◆ Exercise: The data below should be transcribed in full, with no picture included.
===== Records shown
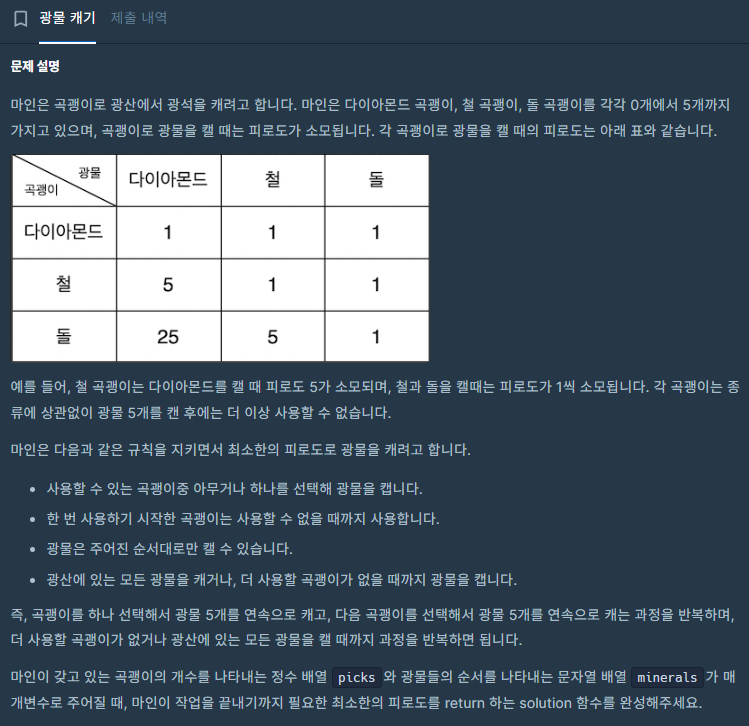 - 채굴하는 공괭이와 광물의 종류에 따라 분기하며 answer에 피로도를 더해주면 끝
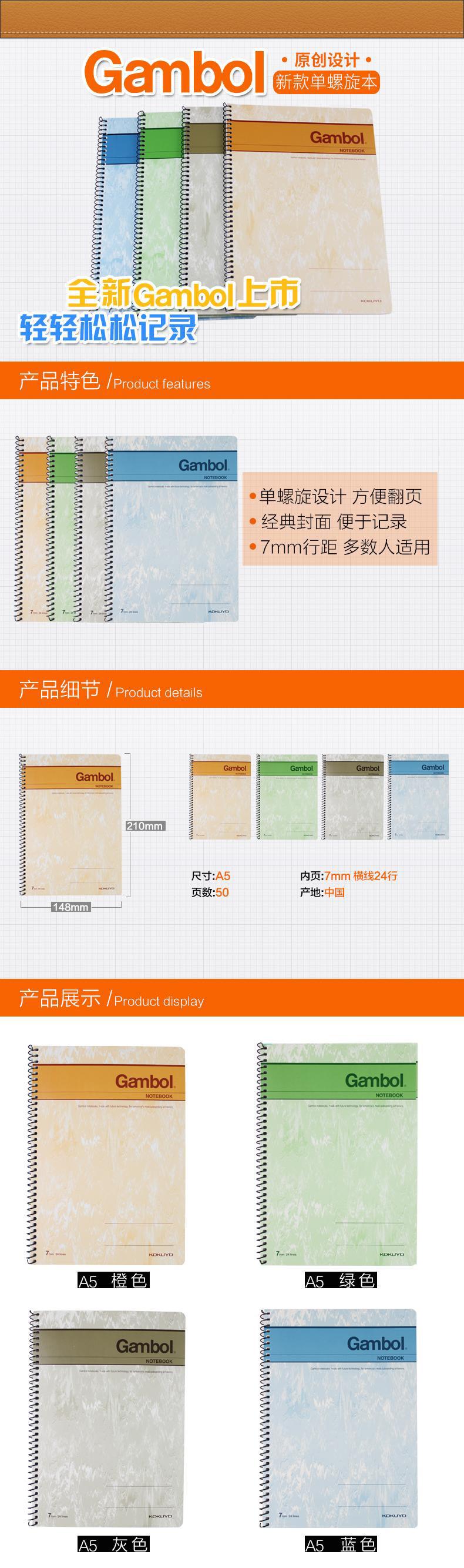 国誉Gambol螺旋笔记本WCN-S5503混色
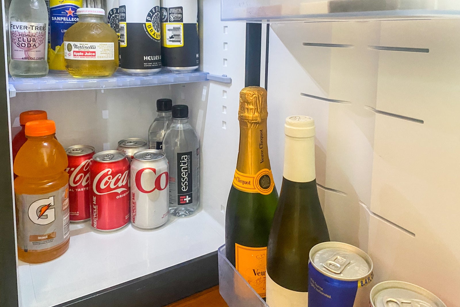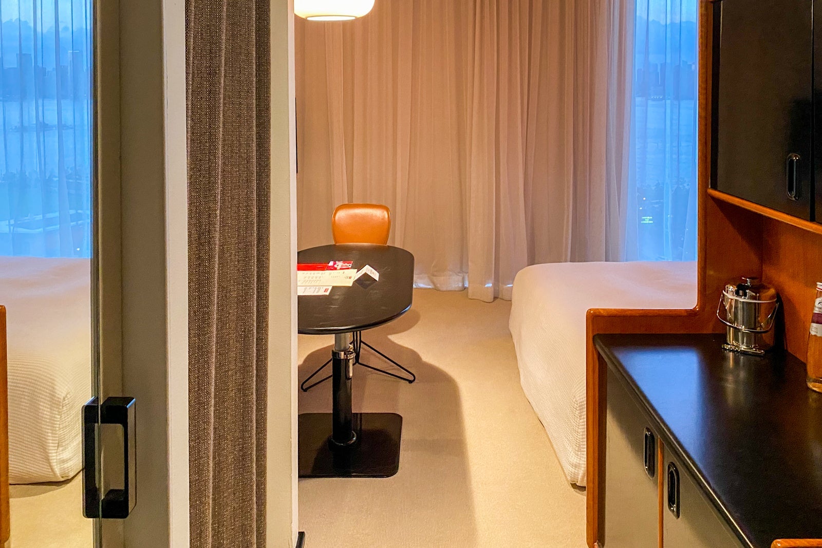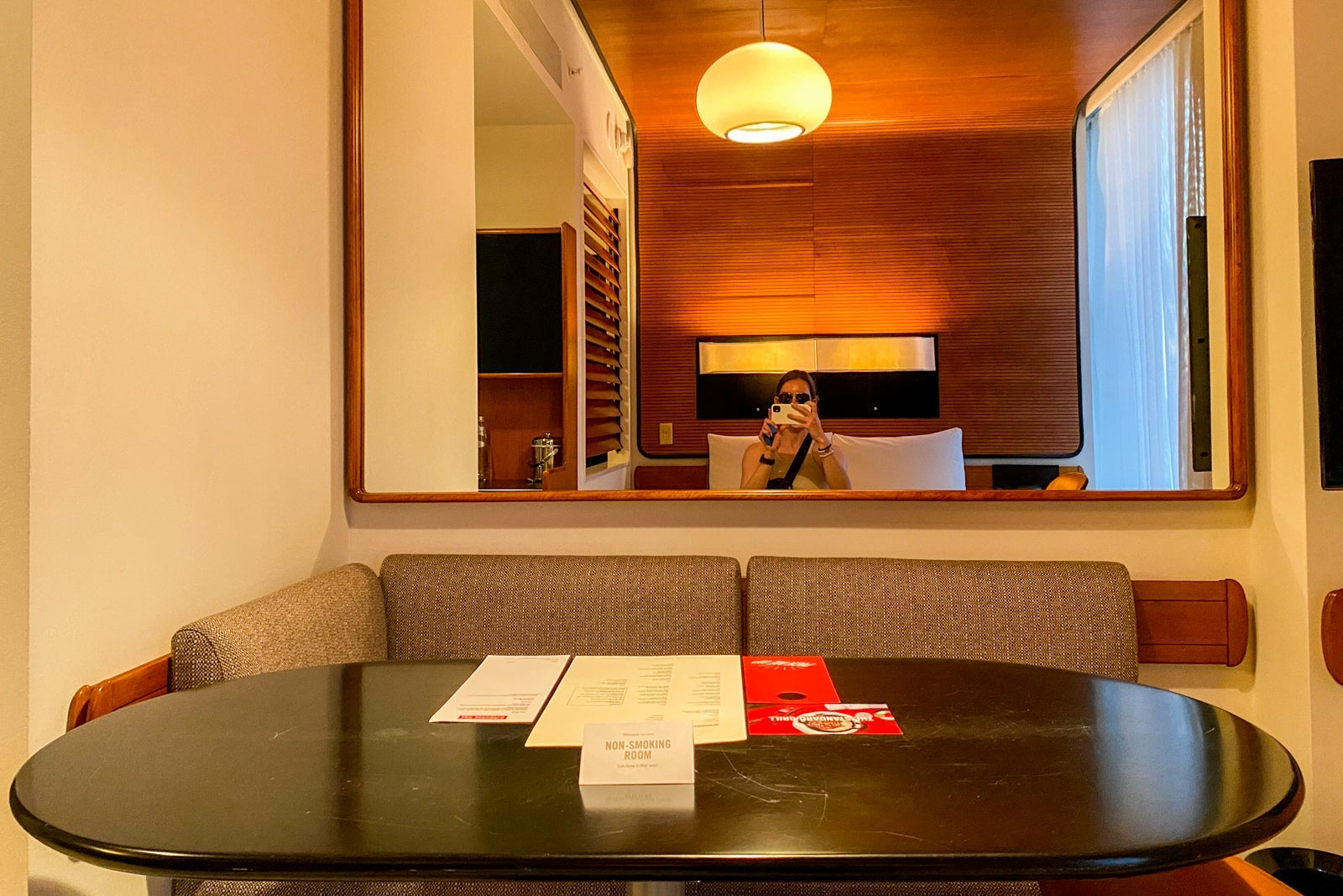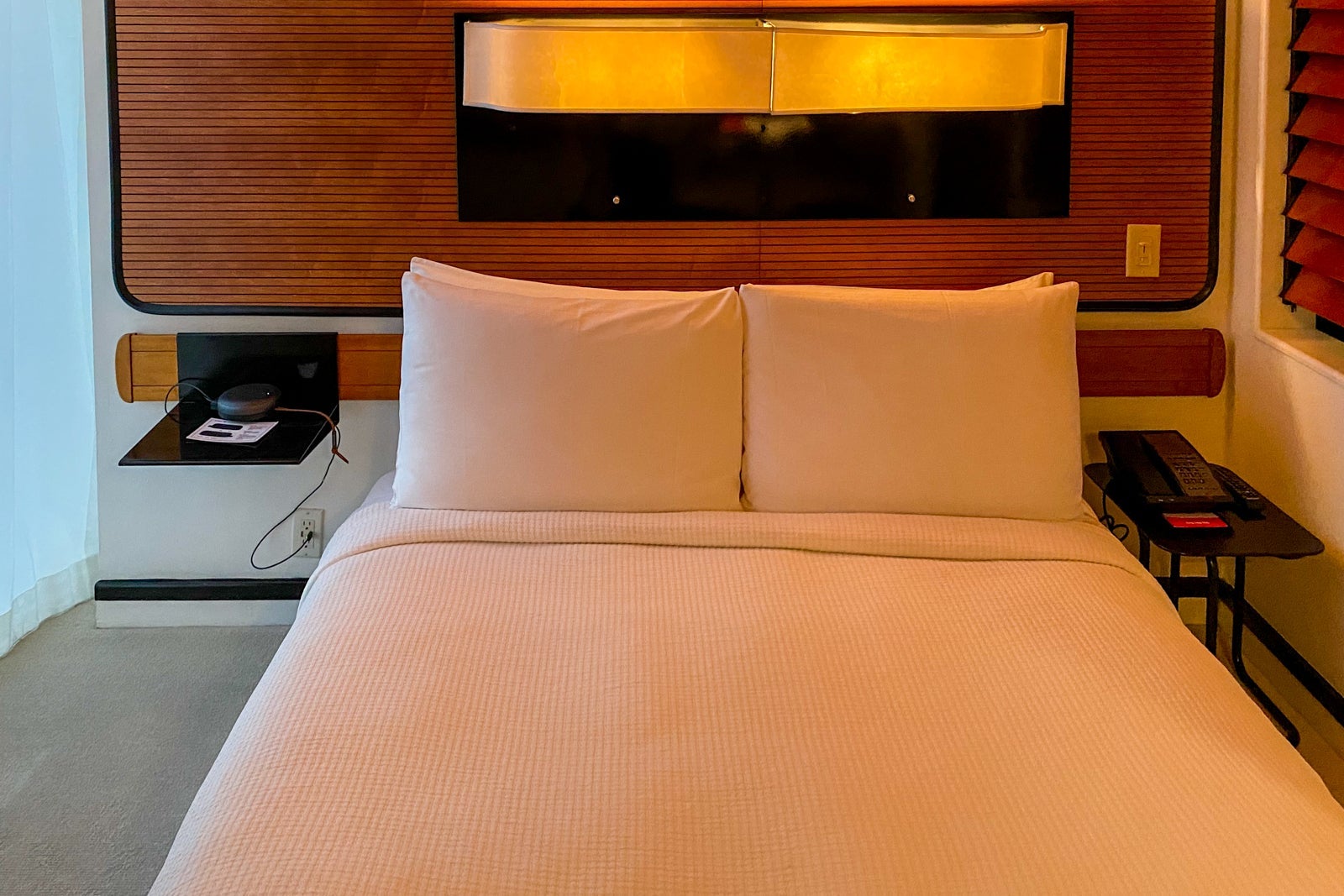 Though slightly smaller than the average New York City hotel room at 230 square feet, my deluxe queen room had a thoughtful layout that could comfortably fit a queen bed with room to walk around. It also fit a full-size table and couch large enough to accommodate four people for meals or work. There was a closet with a robe and slippers, a flat-screen TV and a minibar.
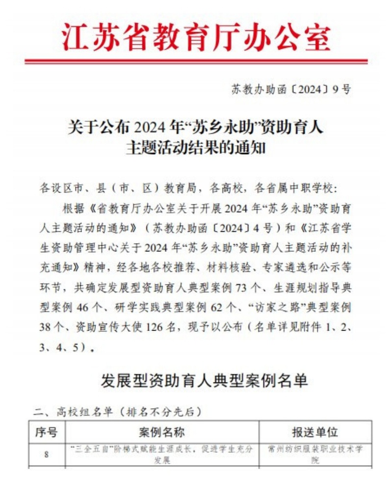 近日,江苏省教育厅公布了2024年“苏乡永助”资助育人主题活动的结果,我校数字商贸学院的辅导员冯益芙老师撰写的《“三全五自”阶梯式赋能生涯成长,促进学生充分发展》获评发展型资助育人典型案例。
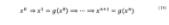 Puesto que el valor de x* se desconoce, se parte de un valor aleatorio de x. Utilizando este valor inicial aleatorio se calcula un nuevo valor de x a partir de la función g de la ec. ( 17 ).
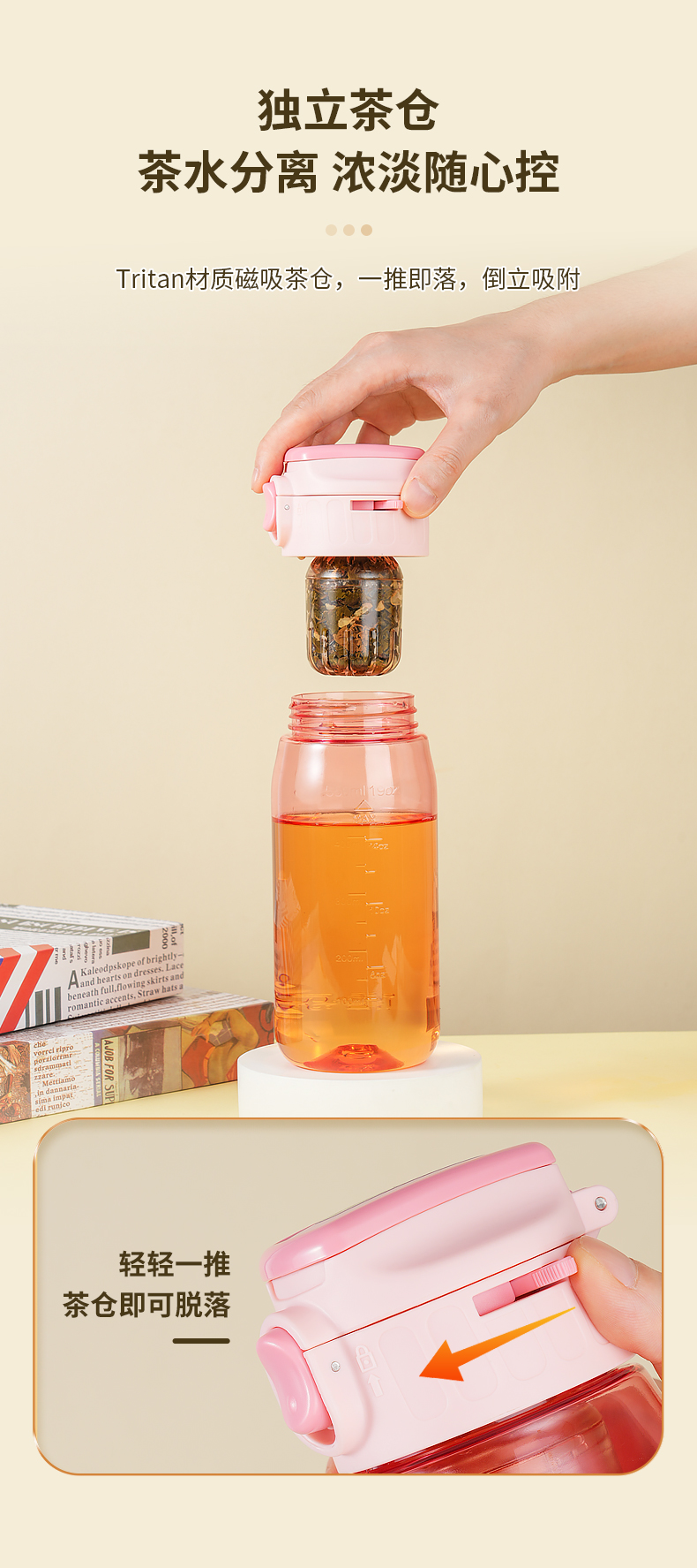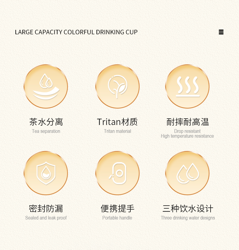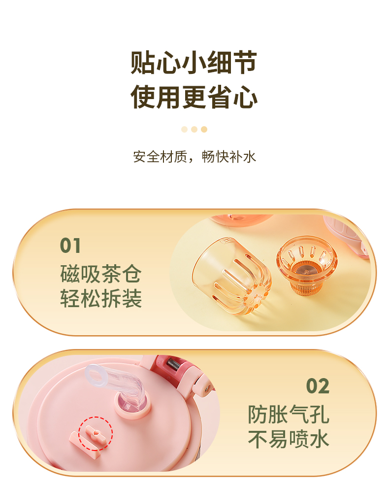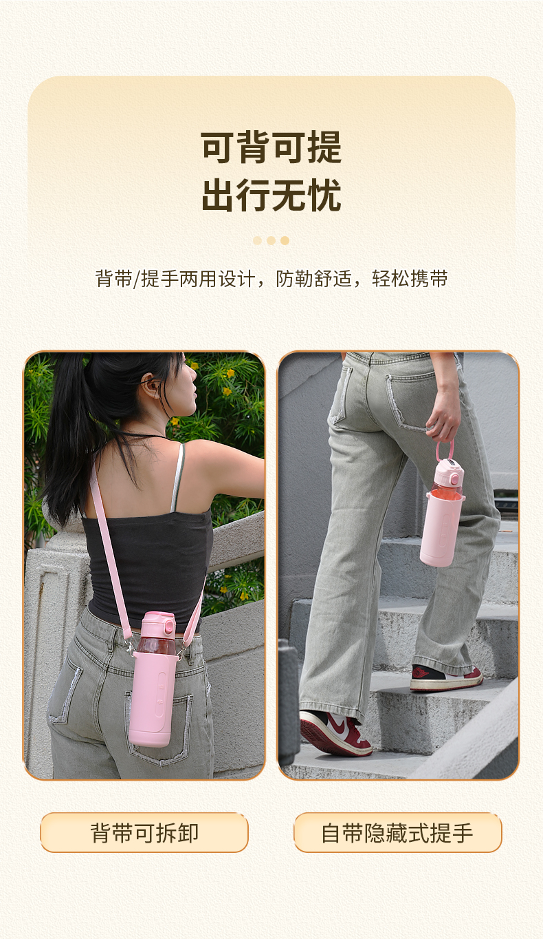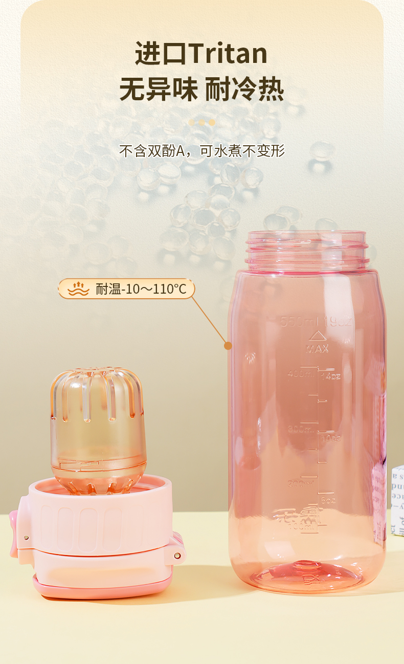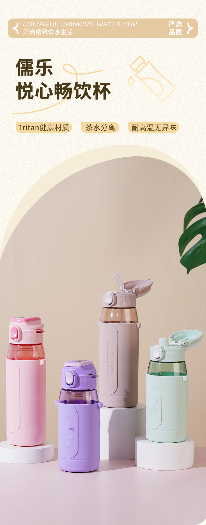 儒乐悦心畅饮杯直饮吸嘴tritan防摔大容量送背带便携水杯
==========
◆ Exercise result:
 - 채굴하는 공괭이와 광물의 종류에 따라 분기하며 answer에 피로도를 더해주면 끝
 国誉Gambol螺旋笔记本WCN-S5503混色
 Though slightly smaller than the average New York City hotel room at 230 square feet, my deluxe queen room had a thoughtful layout that could comfortably fit a queen bed with room to walk around. It also fit a full-size table and couch large enough to accommodate four people for meals or work. There was a closet with a robe and slippers, a flat-screen TV and a minibar.
 近日,江苏省教育厅公布了2024年“苏乡永助”资助育人主题活动的结果,我校数字商贸学院的辅导员冯益芙老师撰写的《“三全五自”阶梯式赋能生涯成长,促进学生充分发展》获评发展型资助育人典型案例。
 Puesto que el valor de x* se desconoce, se parte de un valor aleatorio de x. Utilizando este valor inicial aleatorio se calcula un nuevo valor de x a partir de la función g de la ec. ( 17 ).
 儒乐悦心畅饮杯直饮吸嘴tritan防摔大容量送背带便携水杯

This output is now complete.